1 Aunque hemos leído varios libros sobre neurociencia, para efectos de este artículo nos concentraremos principalmente en Antonio R. Damasio, L'Erreur de Descartes. La raison des émotions (1995) y en Gerald M. Edelman, Biologie de la conscience (1994). Otra referencia se encuentra en Jean–Pierre Changeux, Razón y placer (1997). Pueden compararse también los resultados aquí presentados en el Apéndice núm. 2 "Religión e ideología en los símbolos del dinero", del capítulo I de mi libro Simbolismos del dinero. Antropología y economía: una encrucijada (2002).

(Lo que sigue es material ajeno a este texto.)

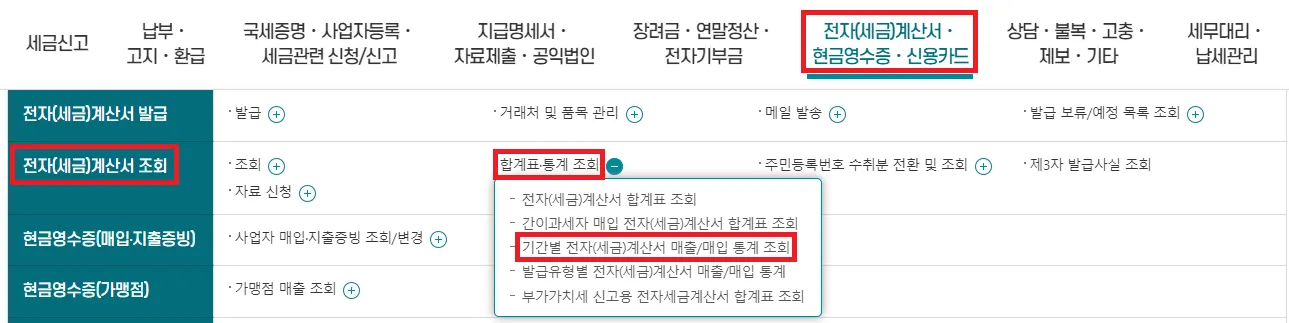 전자(세금)계산서ㆍ현금영수증ㆍ신용카드 > 전자(세금)계산서 조회 > 합계표·통계 조회 > 기간별 전자(세금)계산서 매출/매입 통계 조회 메뉴에서 월별/분기별/년도별로 구분하여 조회할 수 있습니다.

2 Se pueden distinguir tres partes en las neuronas: un cuerpo celular; un axón, es decir, la prolongación principal por medio de la cual son transmitidos los influjos nerviosos y, las dendritas, o sea pequeñas prolongaciones que reciben los mensajes nerviosos. Las neuronas se ligan unas a otras para formar circuitos y las zonas de conexión en donde los axones hacen contacto con las dendritas se denominan sinapsis.

3 "El tálamo, una de las estructuras centrales del cerebro, está compuesto de numerosos núcleos encargados de encaminar las señales sensoriales y otras señales hacia el córtex" (Edelman, 1994: 181).